(Work instruction) Below are entries; repeat exactly, and nothing else, the lines from the one holding "岩﨑 斗希翔さんの総格は42画の3点!" through the one holding "此次捐赠中,《攻不破的万里长", inclusive. Leave the pictures out.

------ Task input

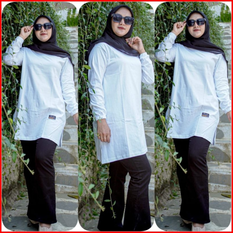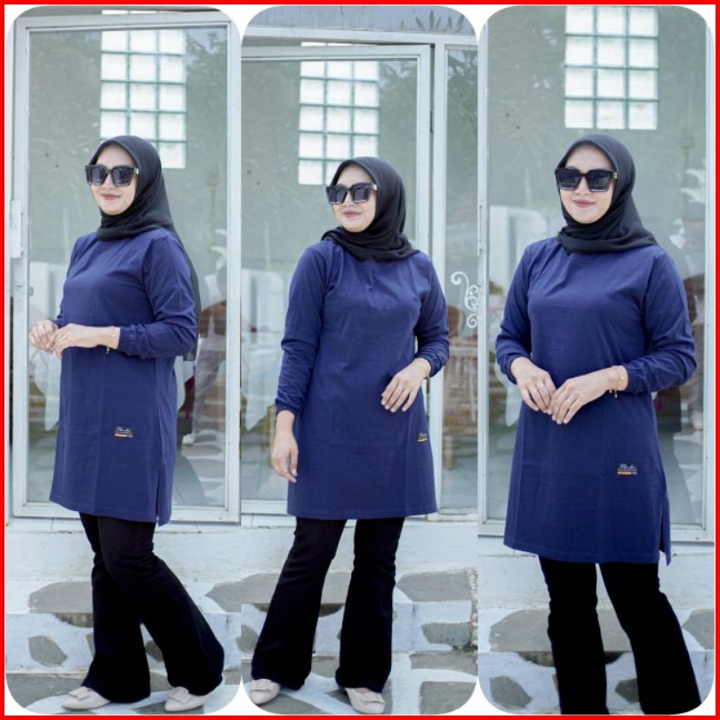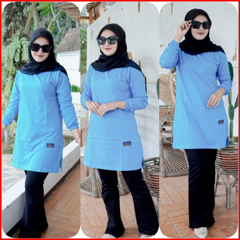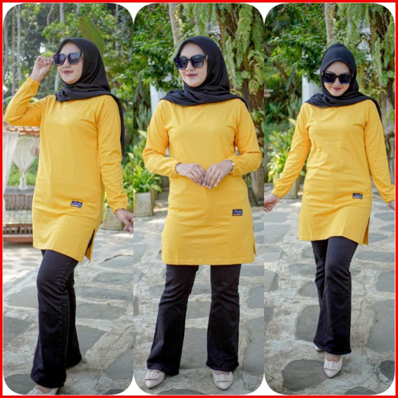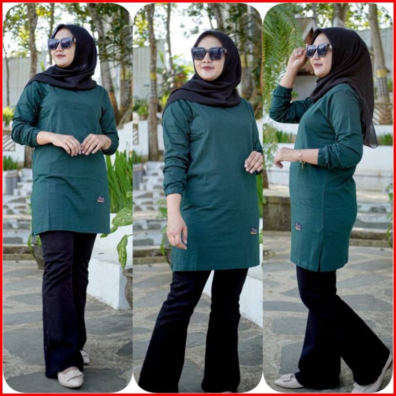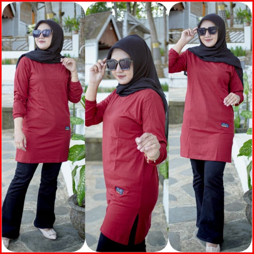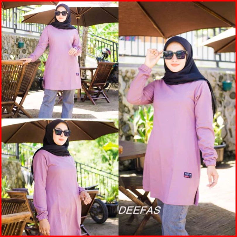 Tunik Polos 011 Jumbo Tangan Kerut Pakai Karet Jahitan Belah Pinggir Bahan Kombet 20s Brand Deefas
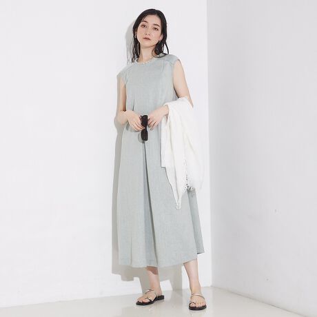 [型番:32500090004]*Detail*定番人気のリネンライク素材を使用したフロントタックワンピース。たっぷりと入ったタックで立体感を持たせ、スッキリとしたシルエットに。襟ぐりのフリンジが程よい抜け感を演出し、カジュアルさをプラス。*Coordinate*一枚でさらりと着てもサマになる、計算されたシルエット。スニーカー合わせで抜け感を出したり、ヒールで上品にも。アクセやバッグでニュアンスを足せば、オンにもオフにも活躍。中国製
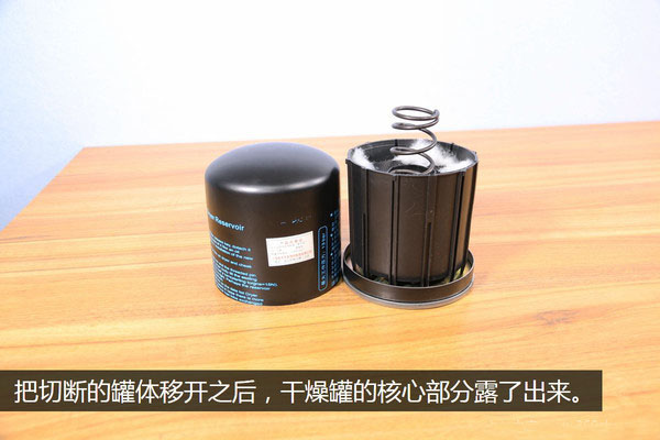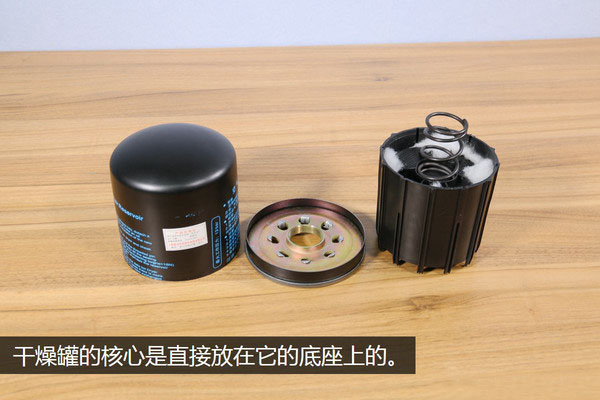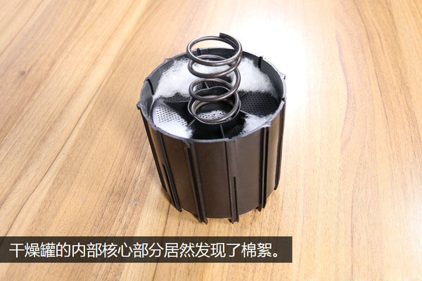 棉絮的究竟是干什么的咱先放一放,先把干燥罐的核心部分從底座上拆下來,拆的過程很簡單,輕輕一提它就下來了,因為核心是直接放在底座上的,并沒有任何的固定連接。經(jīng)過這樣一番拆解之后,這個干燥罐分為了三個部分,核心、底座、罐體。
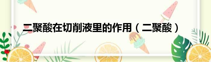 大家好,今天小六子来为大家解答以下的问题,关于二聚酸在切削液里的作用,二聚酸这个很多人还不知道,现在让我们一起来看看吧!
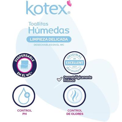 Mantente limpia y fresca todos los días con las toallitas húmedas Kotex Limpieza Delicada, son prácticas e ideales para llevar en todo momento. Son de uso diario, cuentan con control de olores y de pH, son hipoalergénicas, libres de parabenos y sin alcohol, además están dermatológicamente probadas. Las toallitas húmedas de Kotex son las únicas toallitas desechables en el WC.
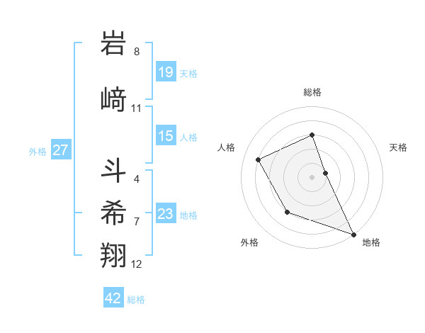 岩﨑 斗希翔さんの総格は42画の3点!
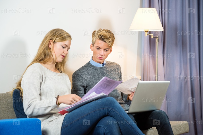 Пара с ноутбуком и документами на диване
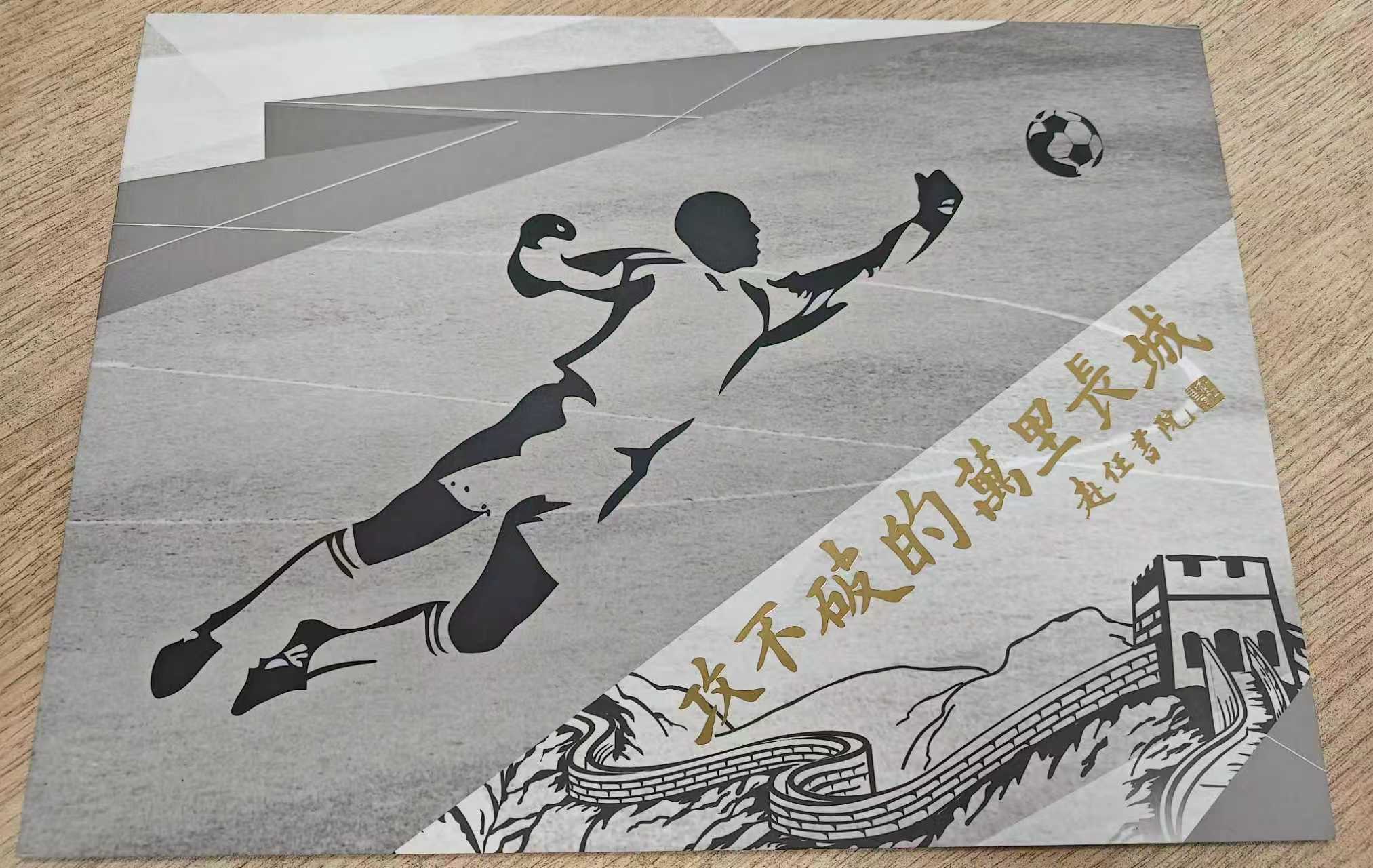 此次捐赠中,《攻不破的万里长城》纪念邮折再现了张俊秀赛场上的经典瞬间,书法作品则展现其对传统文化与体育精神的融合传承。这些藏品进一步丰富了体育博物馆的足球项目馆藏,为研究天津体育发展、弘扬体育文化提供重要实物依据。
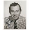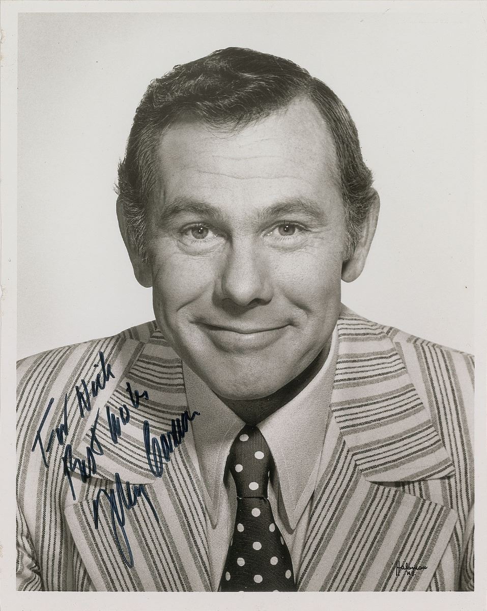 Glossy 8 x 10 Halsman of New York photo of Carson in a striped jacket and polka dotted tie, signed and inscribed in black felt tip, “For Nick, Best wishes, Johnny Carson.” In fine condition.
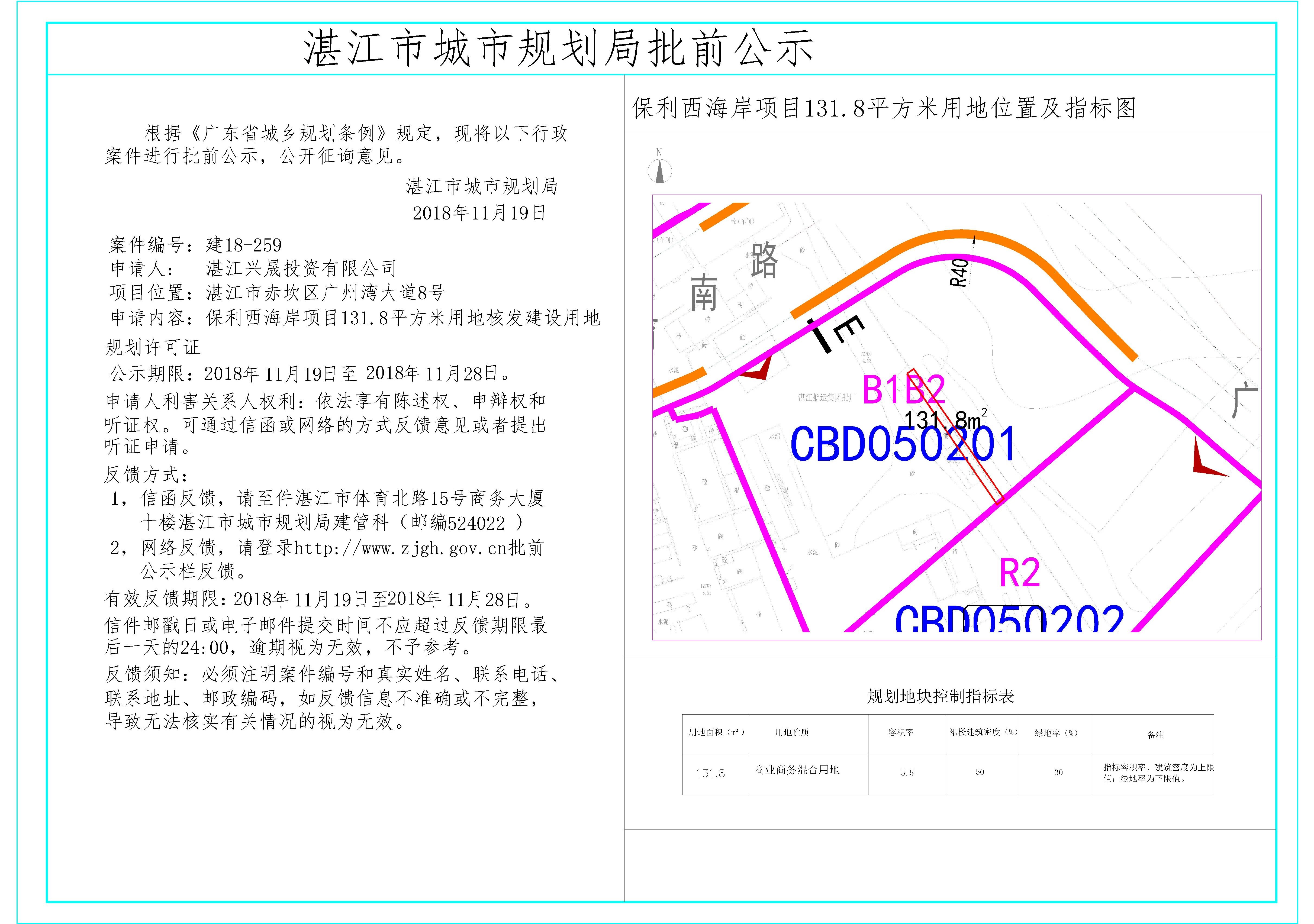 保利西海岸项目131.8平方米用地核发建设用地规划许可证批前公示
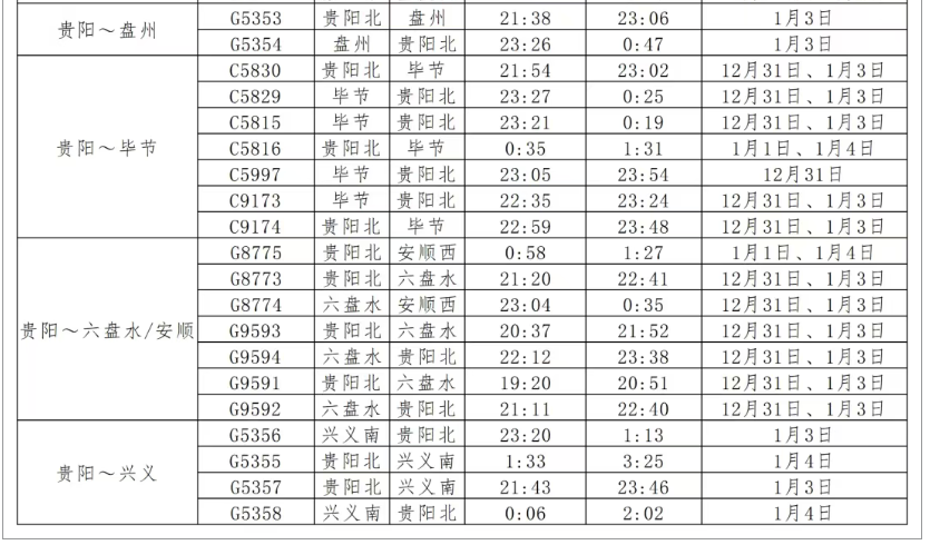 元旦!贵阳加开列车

------------

(Answer for this exercise)
 岩﨑 斗希翔さんの総格は42画の3点!
 Пара с ноутбуком и документами на диване
 此次捐赠中,《攻不破的万里长城》纪念邮折再现了张俊秀赛场上的经典瞬间,书法作品则展现其对传统文化与体育精神的融合传承。这些藏品进一步丰富了体育博物馆的足球项目馆藏,为研究天津体育发展、弘扬体育文化提供重要实物依据。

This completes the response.